> [WORK REQUEST]: Pictures aside, repeat the whole listing word for word.

> [AVAILABLE DATA]:
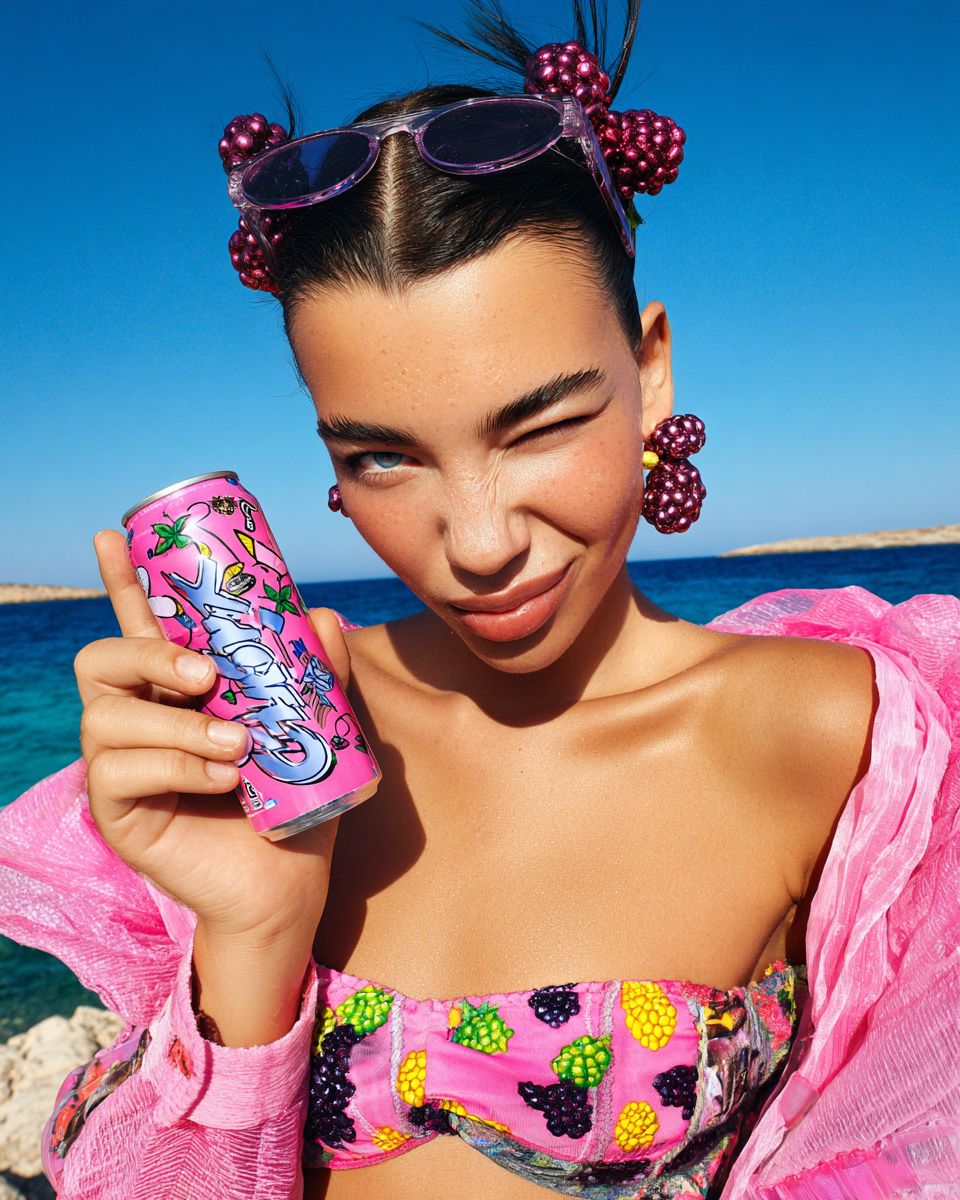 Ultra-modern youth fashion advertising photography, European-looking young woman with Mediterranean features, sun-kissed, natural beauty, Cyprus summer vibe, playful and confident, smiling and winking at the camera, holding a 0.3 liter can of La Croix sparkling water with clear readable branding, joyful summer lifestyle mood. Bright intense Mediterranean sunlight, strong natural summer sun, open blue sky and sea horizon typical of Cyprus coastline, crystal-clear light, warm atmosphere, sun reflecting from the sea, vibrant island summer energy, no moody lighting. Outfit: pink and raspberry-toned modern youth fashion look inspired by Jacquemus, Coperni, Blumarine (new era), Paloma Wool, Ganni, Ottolinger, lightweight summer fabrics suitable for hot Mediterranean climate, visible weave and folds, stylized graphic blackberry prints on pink clothing, decorative fashion patterns, clearly non-realistic fruit design. Accessories main visual focus (very important): blackberry-shaped hair clips made of glossy plastic, colored glass and metal, sculptural designer look, deep blackberry purple, reflective surfaces, clearly artificial jewelry, blackberry-colored sunglasses with deep purple translucent plastic frames and tinted lenses, modern youth fashion design, strong sunlight reflections, earrings shaped like raspberries and blackberries made of glass, resin and metal, high-gloss finish, sculptural fashion jewelry, non-organic, non-food look, layered beads and necklaces made of plastic and glass in berry tones, thin polished metal chains, fashionable metal ear clips, small trendy handbag with berry-colored accents and visible texture, smartphone in a colorful designer plastic phone case held casually. Material emphasis: artificial decorative materials only glossy plastic, [...]
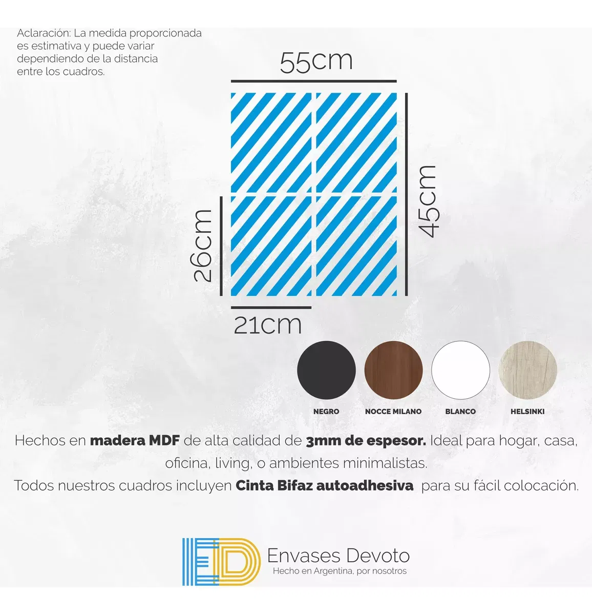 EN EL TITULO O EN LAS IMAGENES INDICAN LAS MEDIDAS. Cuadros modernos decorativos, hechos en madera MDF de alta calidad de 3mm de espesor. ideal para hogar, casa, oficina, living, o ambientes minimalistas. - Incluye Cinta autoadhesiva doble faz de alta resistencia, para pegar directo en la pared. - Colores disponibles: NEGRO, BLANCO, NOCCE MILANO (Marrón)
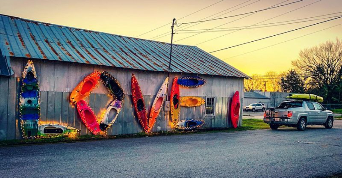 Farmville may be a small town, but its LOVEwork installation punches well above its weight. Sitting proudly on Main Street, this sign was constructed entirely from retired whitewater and recreational kayaks, stacked and bolted together into four bold letters that practically beg to be photographed.
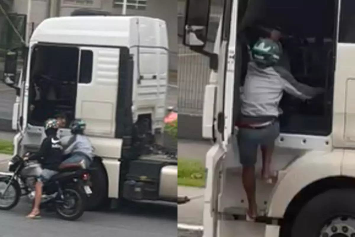 Caminhoneiro sendo assaltado por motoboy, Foto: reprodução

> [SOLUTION TO THE PROBLEM]:
 Ultra-modern youth fashion advertising photography, European-looking young woman with Mediterranean features, sun-kissed, natural beauty, Cyprus summer vibe, playful and confident, smiling and winking at the camera, holding a 0.3 liter can of La Croix sparkling water with clear readable branding, joyful summer lifestyle mood. Bright intense Mediterranean sunlight, strong natural summer sun, open blue sky and sea horizon typical of Cyprus coastline, crystal-clear light, warm atmosphere, sun reflecting from the sea, vibrant island summer energy, no moody lighting. Outfit: pink and raspberry-toned modern youth fashion look inspired by Jacquemus, Coperni, Blumarine (new era), Paloma Wool, Ganni, Ottolinger, lightweight summer fabrics suitable for hot Mediterranean climate, visible weave and folds, stylized graphic blackberry prints on pink clothing, decorative fashion patterns, clearly non-realistic fruit design. Accessories main visual focus (very important): blackberry-shaped hair clips made of glossy plastic, colored glass and metal, sculptural designer look, deep blackberry purple, reflective surfaces, clearly artificial jewelry, blackberry-colored sunglasses with deep purple translucent plastic frames and tinted lenses, modern youth fashion design, strong sunlight reflections, earrings shaped like raspberries and blackberries made of glass, resin and metal, high-gloss finish, sculptural fashion jewelry, non-organic, non-food look, layered beads and necklaces made of plastic and glass in berry tones, thin polished metal chains, fashionable metal ear clips, small trendy handbag with berry-colored accents and visible texture, smartphone in a colorful designer plastic phone case held casually. Material emphasis: artificial decorative materials only glossy plastic, [...]
 EN EL TITULO O EN LAS IMAGENES INDICAN LAS MEDIDAS. Cuadros modernos decorativos, hechos en madera MDF de alta calidad de 3mm de espesor. ideal para hogar, casa, oficina, living, o ambientes minimalistas. - Incluye Cinta autoadhesiva doble faz de alta resistencia, para pegar directo en la pared. - Colores disponibles: NEGRO, BLANCO, NOCCE MILANO (Marrón)
 Farmville may be a small town, but its LOVEwork installation punches well above its weight. Sitting proudly on Main Street, this sign was constructed entirely from retired whitewater and recreational kayaks, stacked and bolted together into four bold letters that practically beg to be photographed.
 Caminhoneiro sendo assaltado por motoboy, Foto: reprodução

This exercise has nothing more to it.